On peut légitimement se demander ce qui a pris Clouzot d’adapter cette fameuse comédie de boulevard de la Belle Epoque. Blagues dignes des Grosses têtes, cabotinage outrancier des comédiens, personnages stéréotypés, traitement superficiel et convenu.
Regardée avec une certaine distance (distance de toute façon entretenue par la mise en scène très théâtrale tel qu’en témoignent les multiples regards caméra de Saturnin Fabre), cette pochade peut parfois s’avérer amusante.

Caprices (Léo Joannon, 1941)

Chaque Saint-Sylvestre, un riche excentrique a l’habitude de payer un luxueux réveillon à une jeune fille du peuple. Cette année, il est tombé sur une aspirante comédienne bien décidée à profiter de l’occasion…

Produite par la Continental, Caprices est une comédie légère et charmante. Comme dans les comédies américaines, l’histoire tire son intérêt du jeu, du flou qu’il y a entre les manipulations des personnages entre eux et la réalité de leurs caractères et sentiments. Danielle Darrieux est délicieuse. Ne manquait que quelques gags supplémentaires, quelques trouvailles de mise en scène, une caractérisation moins appuyée de certains personnages secondaires, bref un cinéaste plus inspiré que le méritant Joannon pour faire de Caprices un chef d’oeuvre du genre. En l’état, c’est un film tout à fait plaisant.

En présence d’un clown (Ingmar Bergman, 1997)

Dans les années 20, un ingénieur interné en hôpital psychiatrique et féru de Schubert invente le cinéma parlant.

Arrivé en fin de carrière, Ingmar Bergman ne se préoccupe plus guère d’inscrire ses éternelles obsessions (la mort, le sexe, le théâtre, l’absence de Dieu tout ça) dans une quelconque réalité. En présence d’un clown est peut-être son film le plus décharné, le plus cru. Le problème est qu’une abstraction aussi prononcée anesthésie complètement le film. Heureusement, son ultime ultime film, Saraband, allait être d’un tout autre acabit.

Pension d’artistes (Stage door, Gregory La Cava, 1937)
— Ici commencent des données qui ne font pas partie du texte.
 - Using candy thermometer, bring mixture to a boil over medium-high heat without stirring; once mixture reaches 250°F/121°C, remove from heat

Chronique d’une pension de comédiennes.

Contrairement à d’autres réalisateurs de l’époque, Gregory La Cava n’a pas débuté au théâtre et pourtant ce film est très théâtral. Très écrit, Pension d’artistes repose sur ses dialogues plus que sur sa mise en scène peu dynamique. L’acuité du regard sur un large panel de femmes qui agitent leurs rancoeurs et leurs espoirs dans un espace clos rappelle George Cukor. D’autant que, de Katharine Hepburn à Ginger Rogers, l’interprétation est éblouissante. L’humour est acerbe, les nombreuses répliques cinglantes montrent la dureté du métier d’actrice. Ce qui n’empêche pas, ici et là, l’émergence d’une certaine tristesse. C’est du cinéma brillant mais calculé de bout en bout.
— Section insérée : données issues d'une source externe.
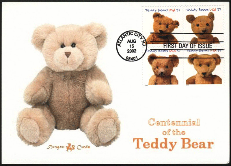 Sc. 3653-6 Teddy Bears - Cmcl on a block of 4 on a 5"x7" Dragon Card with commercial color photo of a teddy bear, First Day of Issue hand cancel. Great for a teddy bears- or toys-on-stamps collection! Back To

Paris nous appartient (Jacques Rivette, 1961)

De jeunes parisiens s’interrogent sur une conspiration et montent une pièce de théâtre.

L’intrigue est confuse et sans intérêt, l’absence de moyens criante, la mise en scène inexistante, le film long comme un jour sans pain. En voilà un qui aurait mieux fait de rester critique.